Along similar lines, we may expand the continuity equation at first order and collect

(5.19) $$\begin{eqnarray}\int _{0}^{\unicode[STIX]{x1D6FD}}\frac{\unicode[STIX]{x2202}\unicode[STIX]{x1D713}_{1}}{\unicode[STIX]{x2202}r}\,\text{d}r=0.\end{eqnarray}$$

The detailed form of the above expression is long and, as such, of minimal interest to the reader. However, the remaining integral may be straightforwardly handled using symbolic programming. The evaluation of (5.19) completes our analysis of the first-order compressible streamfunction from which all other flow parameters may be retrieved.

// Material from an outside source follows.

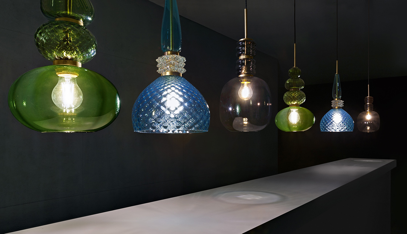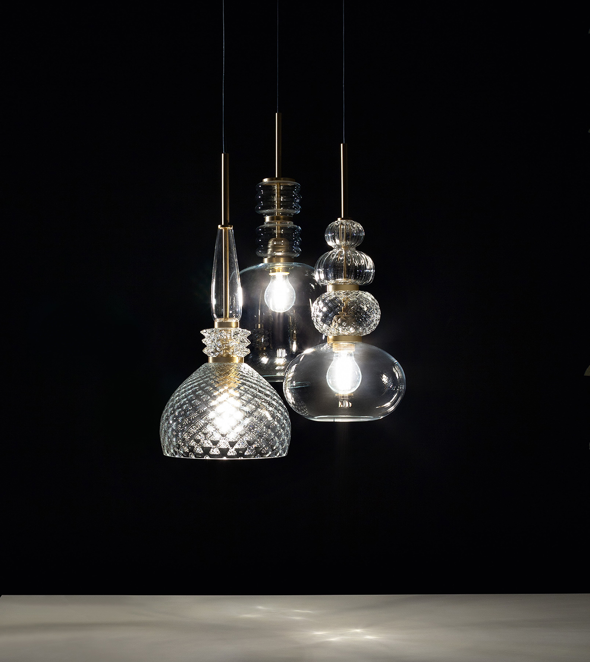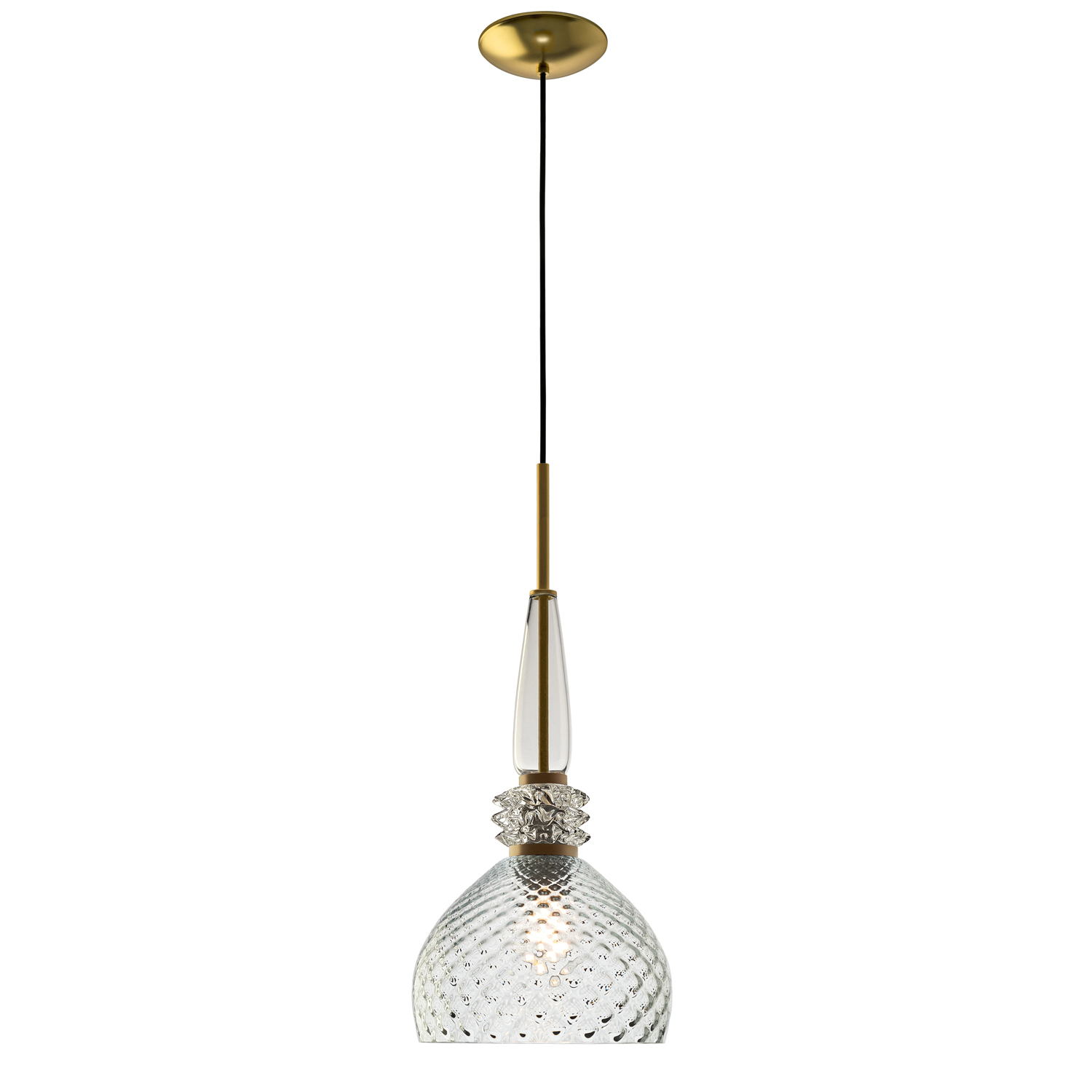 Подвесной светильник из коллекции Carnival из прозрачного стекла ручной работы. Металлические части цвета латунь.

6.1 Comparison to a numerical simulation of a similar cyclonic chamber

Before presenting and discussing our findings, a simple comparison is carried out using a fully nonlinear Navier–Stokes simulation. To this end, the main chamber in a right circular cylinder is used to define the computational domain with a length of $L=508$  mm and a diameter $2a$ of 457.2 mm, thus resulting in a chamber with a practical aspect ratio $L/a$ of 2.22. In order to realistically approximate the injection conditions, the purely tangential injection of the analytical model is replaced with a circular array of eight 38.1 mm injectors, tangentially distributed around the base of the chamber. The chamber’s outlet diameter is set to 320 mm before transitioning into a conical nozzle. As shown in figure 4, the mesh that is used consists of 1 078 632 cells, which comprise 2 383 058 faces, 324 966 nodes and 31 partitions.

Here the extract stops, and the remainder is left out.